Black Science #3

by Tori B. on January 30, 2014

Being stuck in a war-ridden dimension as well as being brutally injured to near death, while you’ve accidentally dragged your children into your dimension-jumping disaster, can’t be easy. The series has just started and Remender isn’t putting any brakes on putting this ensemble of characters through the ringer.
 
 
Writer: Rick Remender
Artists: Matteo Scalera, Dean White
Cover: Scalera, White
Publisher: Image
 
 
After the first couple of issues where Remender layered down a little more of the groundwork of Black Science, issue three is where Black Science picks up a little more in action, story telling, character development and understanding. It looks like it found its footing in the story that they’re trying to tell. Before readers get too swept away in the different dimensions that Grant and his team are sure to visit, there’s definitely more a character based progression in this issue, because what’s a better time to evaluate a man and his worth than up in a space of war. Of course with Grant seriously injured, we don’t see a lot of how he survives in this particular dimension, but we are given flashbacks to what his life was like prior to Pillar going haywire and sending them around the Eververse. So while we see everyone else grow a little bit in their desperate time of survival, it’s almost an opposite effect for Grant whom we see being less than a great guy back at home.
 
The pacing is well strung together, never focusing on one character or relationship for too long before moving on to the next point of action. It’s certainly not a boring read, and coming from Fear Agent where Remender had focused on a single character, his handling of an ensemble cast so far is impressive and the character that we’ve seen little of (unless in a flashback) is the protagonist himself. In this way Remender is getting readers to become more intimate not with just Grant but the rest of the team as well.

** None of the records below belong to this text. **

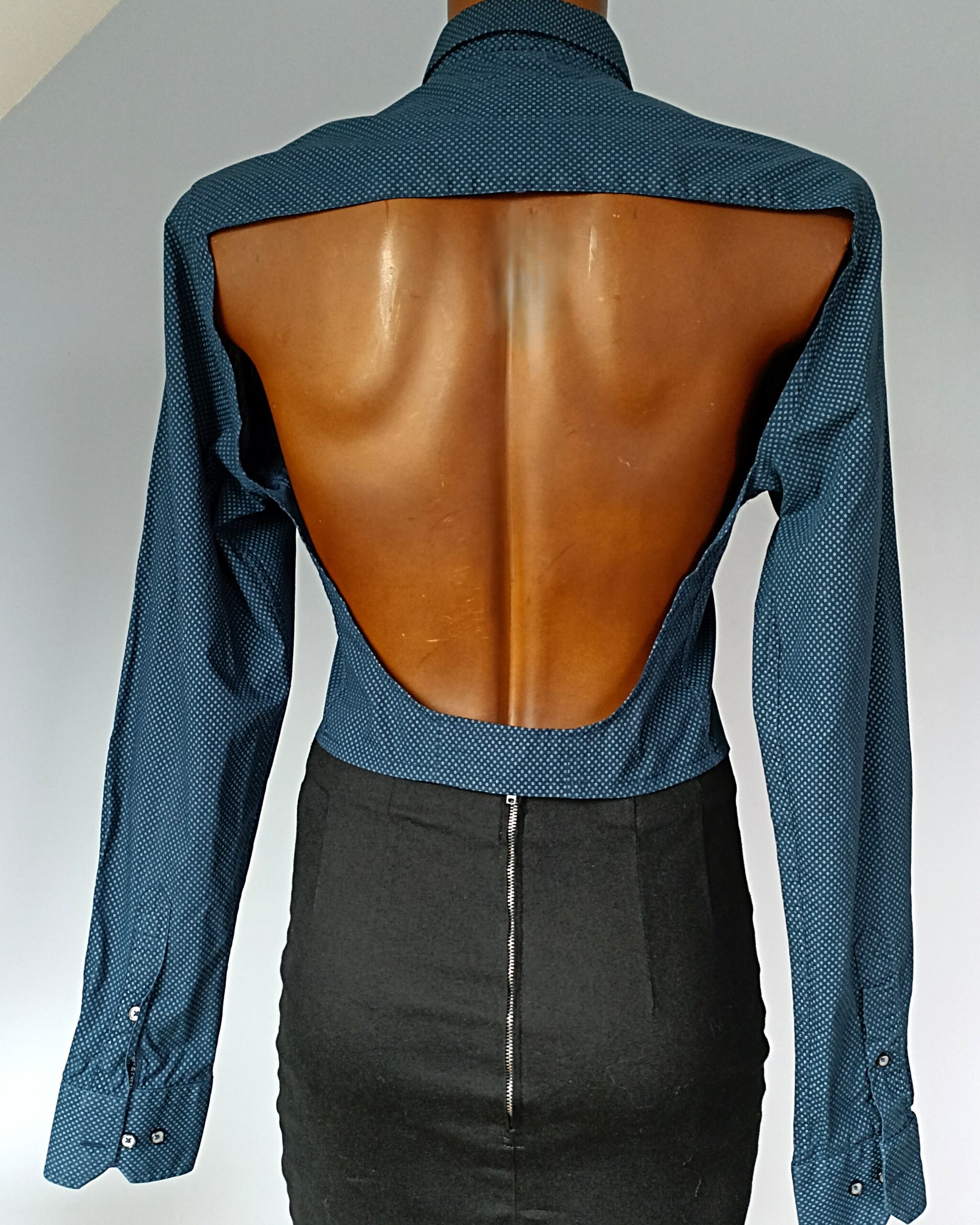 Son dos entièrement ouvert dévoile la silhouette avec subtilité et féminité, créant un contraste élégant entre la rigueur de la chemise et la sensualité du dos nu. Chaque modèle est unique, transformé à la main, ce qui en fait une pièce exclusive que vous ne trouverez nulle part ailleurs.
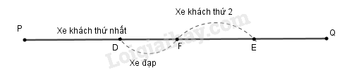 Giả sử người đi xe đạp gặp xe khách thứ nhất đi ngược chiều tại điểm \(D\) thì xe khách thứ hai đi ngược chiều  đang ở vị trí \(E\) như hình vẽ.
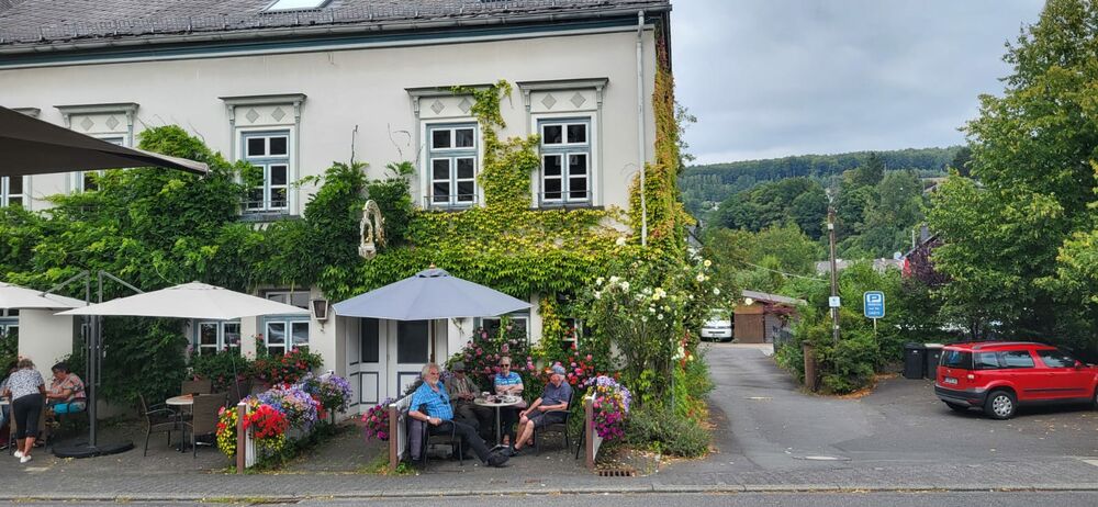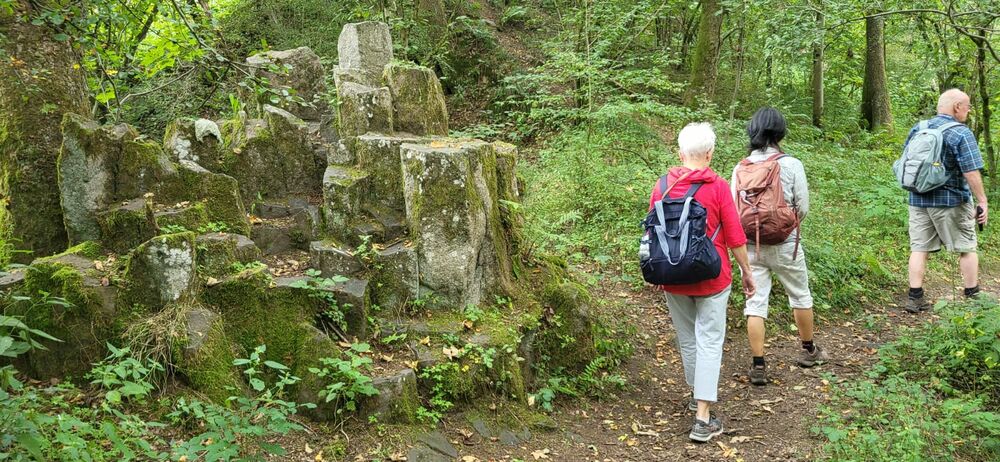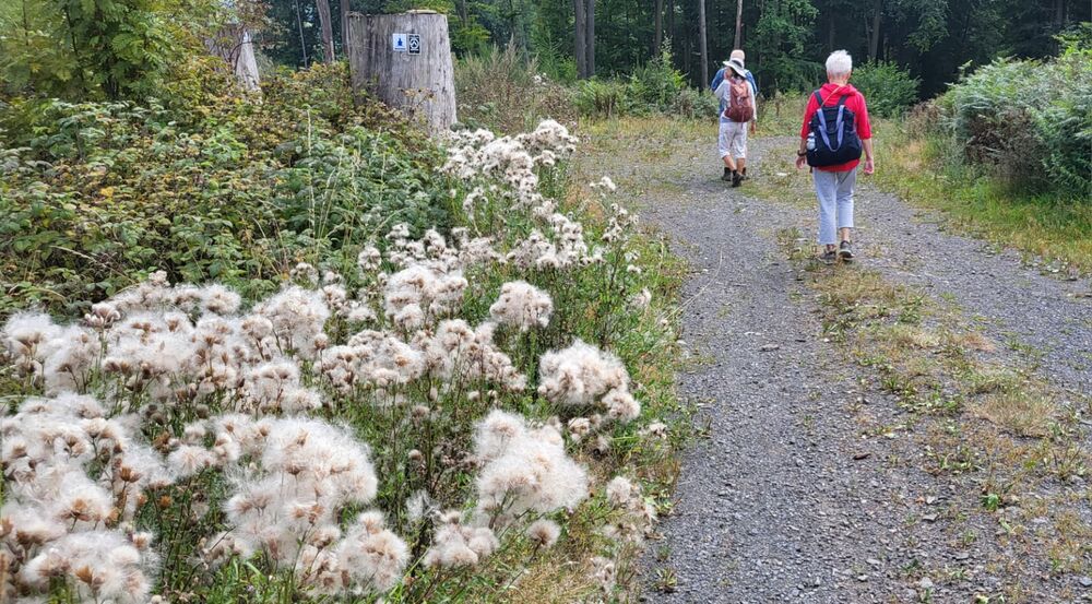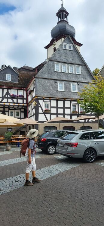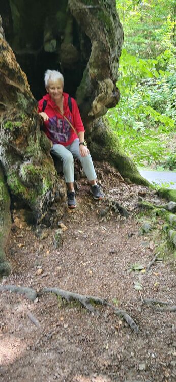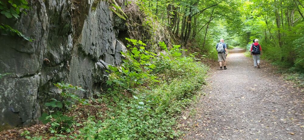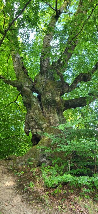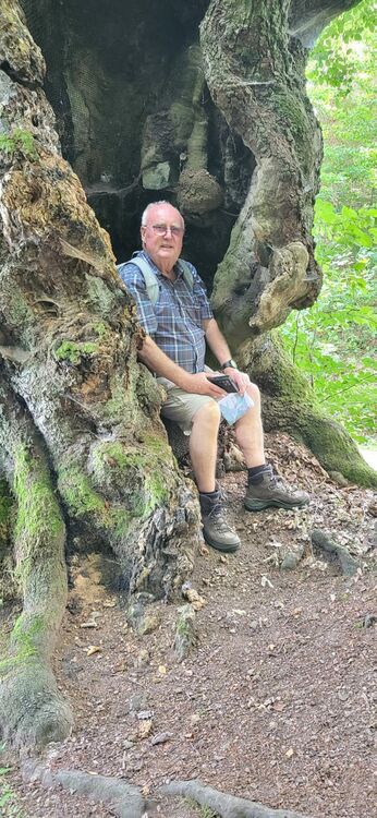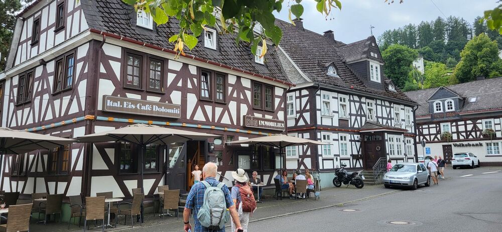 Gestärkt abwärts über den Grubenwanderweg an der uralten Hüllbuche vorbei nach Daaden mit Schlusseinkehr im Eiscafe Dolomiti. Bei gemütlichem Tempo hatten wir eine 16 km lange schöne Wanderstrecke auf dem Tacho!
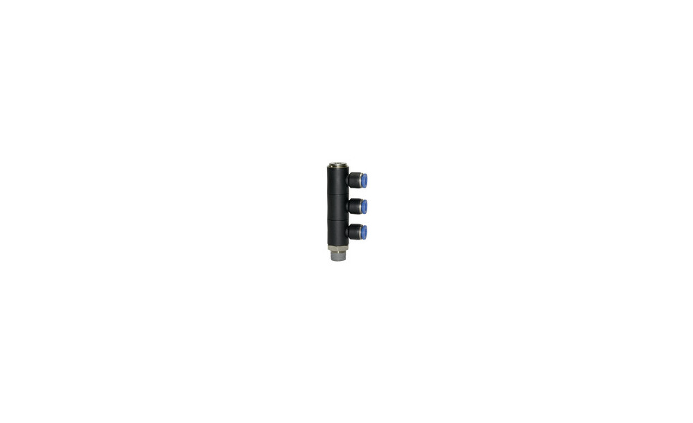 L-Mehrfachverteiler »Blaue Serie«, 3-fach, drehbar, R 1/8 a., für Schl.-Außen-Ø 6 mm, pmax kurzzeitig 15 bar, Kunststoff/MS vern.. Unsere Schnellsteckverbinder-Serie aus Kunststoff bzw. vernickeltem Messing. Die Teile sind einsetzbar in Verbindung mit Kunststoffschläuchen und Kunststoffrohren.
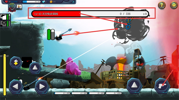 2、操控移动按钮调整角色位置,利用跳跃按钮躲避地形陷阱,靠近敌方【黑色史莱姆】。
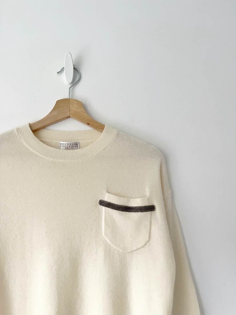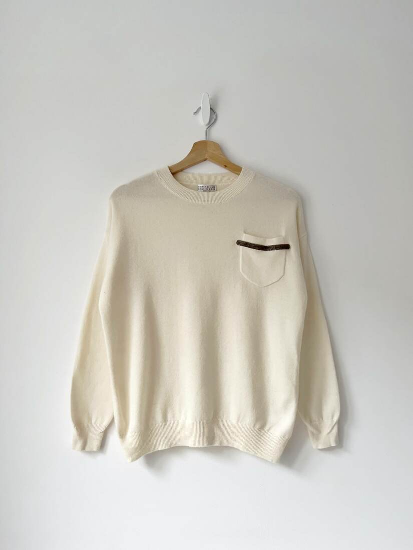 490,00 złKaszmirowy sweter luksusowej marki Brunello Cucinelli. Jest wystawiony na sprzedaż również w serwisie Vestiaire Collective, gdzie był sprawdzany na autentyczność.
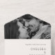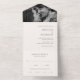 Invitación moderna Todo en una boda con un diseño sencillo y minimalista con los detalles de su boda en alineación con la foto favorita en la parte superior. Todos los elementos de diseño están en gris sobre un fondo de marfil neutro y pueden cambiarse en la herramienta de edición de diseño. Esta moda "sellar y enviar" todo en una sola invitación a la boda con un diseño minimalista y elegante va bien con cualquier estilo de boda contemporáneo.
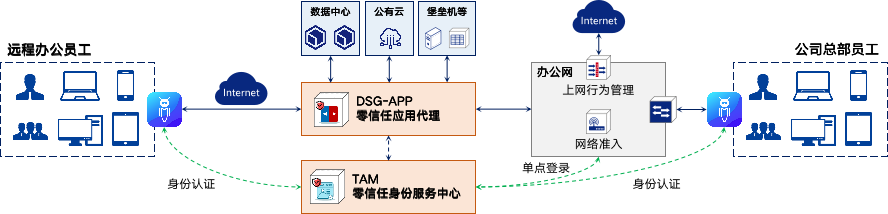 远程办公场景下正确的实施零信任方案后业务访问逻辑图
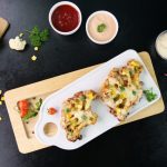 -On cauliflower disc,add & spread pizza sauce,add pizza cheese,capsicum,corn kernels,pickled jalapenos & air fry at 180C until cheese melts (3-4 minutes).
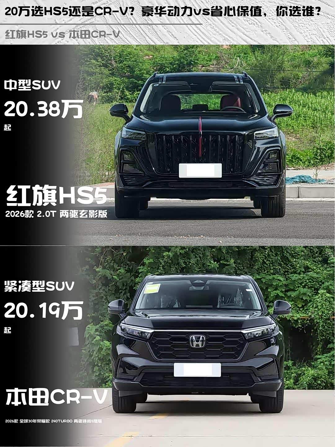 车家号·0浏览·2026-02-18 08:32 · 北京最近在选20万级SUV的朋友看过来!红旗HS5 2026款 2.0T两驱玄影版和 本田CR-V(参数|询价) 2026款两驱锋尚5座版深度对比,看完这篇你就知道怎么选了!🔥
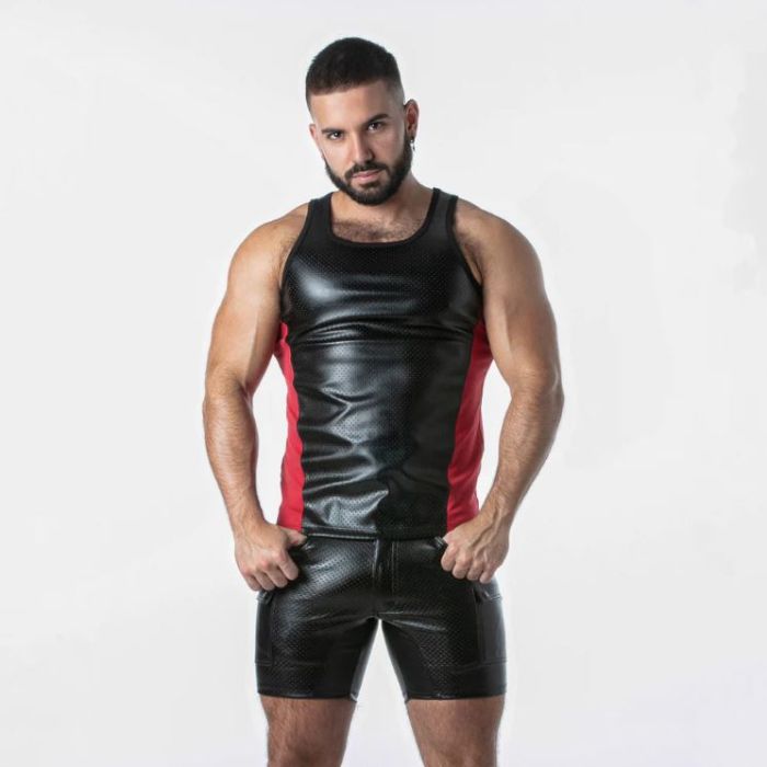 Deze tanktop, vervaardigd uit het meest verfijnde perforated leatherette, is een opvallend kledingstuk van het gerenommeerde gay merk Locker Gear. Het gebruik van hoogwaardig materiaal zorgt niet alleen voor een luxe uitstraling, maar ook voor een comfortabele pasvorm die de lichaamscontouren accentueert. De perforaties in de stof bieden een unieke esthetiek en zorgen voor een ademend effect, waardoor deze tanktop ideaal is voor zowel intieme gelegenheden als levendige feesten. De combinatie van stijl en functionaliteit maakt dit kledingstuk een must-have voor elke modebewuste man die zijn zelfvertrouwen wil uitstralen. Locker Gear staat bekend om zijn gedurfde en speelse ontwerpen die de LGBTQ+ gemeenschap vieren, en deze tanktop is daarop geen uitzondering. Het ontwerp is zorgvuldig samengesteld om een gevoel van vrijheid en expressie te bevorderen, waardoor het perfect is voor erotische feesten en andere sociale evenementen. De tanktop kan eenvoudig worden gecombineerd met verschillende outfits, van strakke jeans tot sportieve shorts, waardoor het een veelzijdig stuk is dat in elke garderobe thuishoort. De aandacht voor detail in de afwerking en het gebruik van duurzame materialen garandeert dat deze tanktop niet alleen stijlvol, maar ook langdurig is. Het dragen van deze tanktop van Locker Gear is meer dan alleen een modekeuze; het is een statement van zelfvertrouwen en trots. De tanktop is ontworpen om de drager te laten opvallen in een menigte, met een uitstraling die zowel gedurfd als verfijnd is. Of je nu een avondje uit gaat of deelneemt aan een speciaal evenement, deze tanktop zal zeker de aandacht trekken en gesprekken op gang brengen. Met zijn unieke combinatie van comfort, stijl en functionaliteit is deze tanktop een onmisbaar item voor iedereen die de wereld wil verkennen met flair en zelfverzekerdheid.
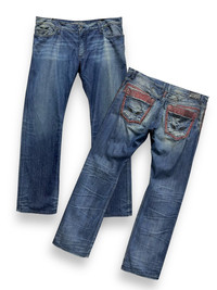 🔥FYE SIZE40” ROBIN’S JEANS Sparkling Gemstone Double Back Pocket Distressed Easy Fit Denim ➤ BRAND NAME : ROBIN’S JEANS CONDITION : (USED : 8/10) MATERIAL : Cotton Denim, Faux Gemstone ......…................................................................ ➤ SIZE MANUAL MEASUREMENT / LAID FLAT (INCHES) WAIST : 20“(W40") LENGTH ; *Outseam : 46" *Inseam : 35.5" .......….............................................................. ➤✈️WORLDWIDE EXPRESS SHIPPING ✈️ DHL / FedEx (ETA) 5~8 Days Worldwide (From Asia) ありがとうございました(Thank You) ~ rOAdRunNeR cOlleCtioN ~
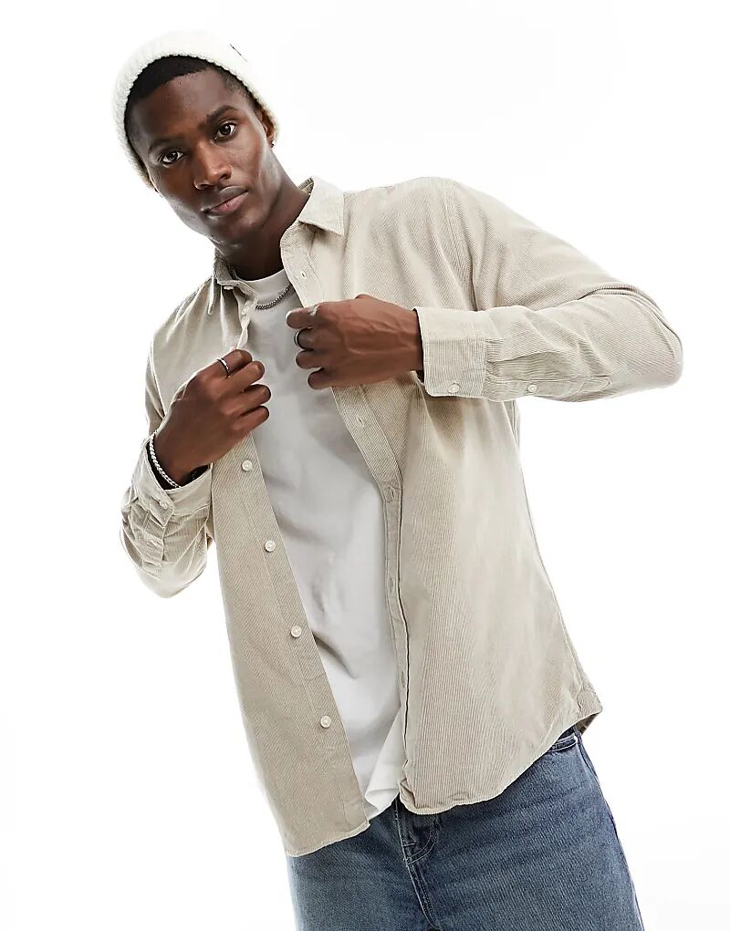 Selected вельветовая рубашка бежевого цвета
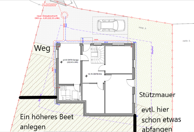 Verstehe ich dich richtig, dann du im Terrassenbereich (dein schwarzer Bereich) schon ordentlich Erde auffüllen würdest, um dann ggf. einigermaßen ebenerdig rauszugehen? Und dann in Richtung meiner Eltern ggf einen Absatz einplanst?
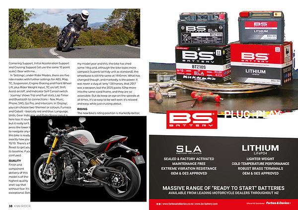 Cornering Support, Initial Acceleration Support and Cruising Support( all use the same 10 point scale). Bear with me … In‘ Settings’, under Rider Modes, there are five ride modes with further settings for ABS, Map, TC, Suspension, Engine Braking and Front Wheel Lift, plus Rider Weight Input, TC on / off, Shift Assist on / off, and Indicator Self Cancel switch.‘ Journey’ shows Trip and Fuel stats, Lap Timer and Bluetooth to connections- Nav, Music, Phone, SMS, Go Pro, and Intercom. In‘ Display’, you can choose two‘ themes’ or colours, Furnace and Cobalt- basically red and blue. Language, Units, Gear Indicator, and Rider Name input is here too. It sounds complex but it really isn’ t. Toggle and press the lower left switch to navigate any menu, and this bike is ready to set up exactly how you like it. 10 / 10. There’ s a Factory Reset to get you back to baseline, if you get confused. my model year and this, the bike has shed some 14kg and, although the bike looks more compact( superb tail tidy unit as standard), the wheelbase is still the same at 1445mm. What has changed though, and markedly, is the power. It was never a slug at‘ only’ 138 horses, that 2017 was a weapon, but the 2025 packs 42hp more into the same sized frame, and they are so accessible. But do keep an eye on the speedo at all times, it’ s so easy to be well over; it’ s relaxed and easy, while just cruising about.
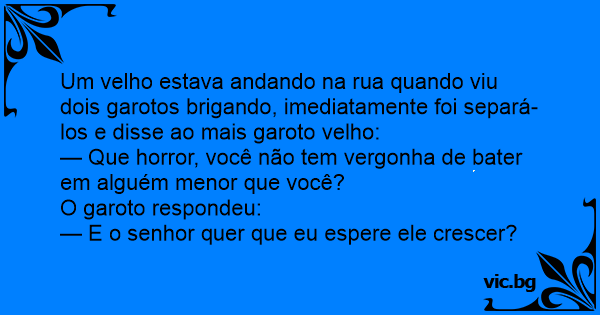 Um velho estava andando na rua quando viu dois garotos brigando, imediatamente foi separá-los e disse ao mais garoto velho:
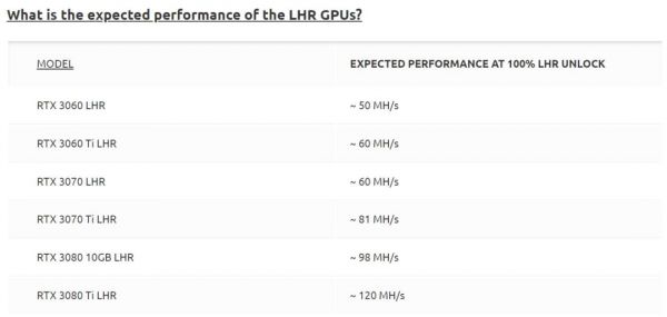 LHR 最初是在 GeForce RTX 3060、3060 Ti、3070 和 3080 的新版本中引入的,后来也在 RTX 3050、3070 Ti、3080 12 GB 和 3080 Ti 上获得应用。据称,在目前版本的GPU上,LHR算法与硬件有较为紧密的集成。
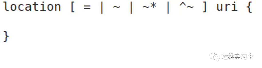 = :用于不含正则表达式的 uri 前,要求请求字符串与uri 严格匹配,如果匹配成功,就停止继续向下搜索并立即处理该请求。
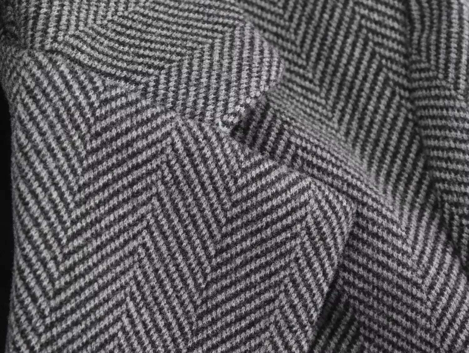 Ladies' new fashion flip design casual hooded patchwork herringbone diagonal suit coat retro long sleeved women's coat chic top
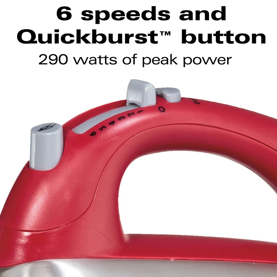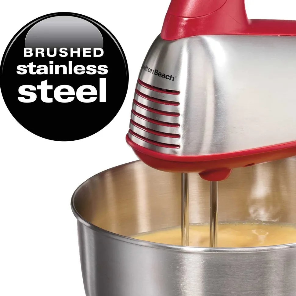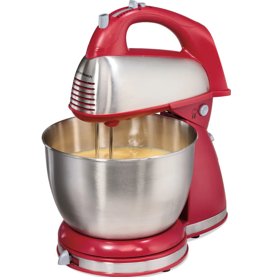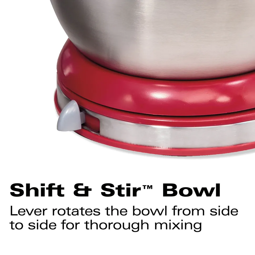 The Hamilton Beach Classic Stand Mixer lets you determine the best tool for the job. Mixing a batch of sticky cookie dough? Let the stand mixer do the work. Whipping up a quick dressing? Unlock the hand mixer from the base for the fast results you want. A variety of attachments, including classic beaters, whisk, and dough hooks, add to its versatility. Six speeds and QuickBurst™ let you tailor your mixing for anything from perfectly fluffy frosting to bread or pasta dough. 4 quart stainless steel bowl is big enough to mix your favorite recipes while still fitting easily into your refrigerator. Bowl Rest™ stabilizer and Shift & Stir™ bowl add to comfort and ease of use so you can get cooking in no time!

Each character has a different personality and for readers, they’ll find a particular character that they’ll relate to most and want to see come out on top of this; which is storytelling at its finest.
 
It’s definitely a more character heavy issue, given that the first issue especially was much more about blowing readers away with world building, immersing everyone heavily into the science fiction of it all. Not that Scalera and White have stunned everyone and proven their talents, they work to compliment Remender’s incredibly human and relatable story telling. Not only do they excel in great scenic panels and extraterrestrial characters, but they can also put expressive characters to paper. Each panel is different from the next, but the flow of the story is never lost.
 
Black Science is different than anticipated but Remender’s signature is laced throughout. A thrilling sci-fi adventure with stunning art, but at the very core a story with characters that everyone can relate to.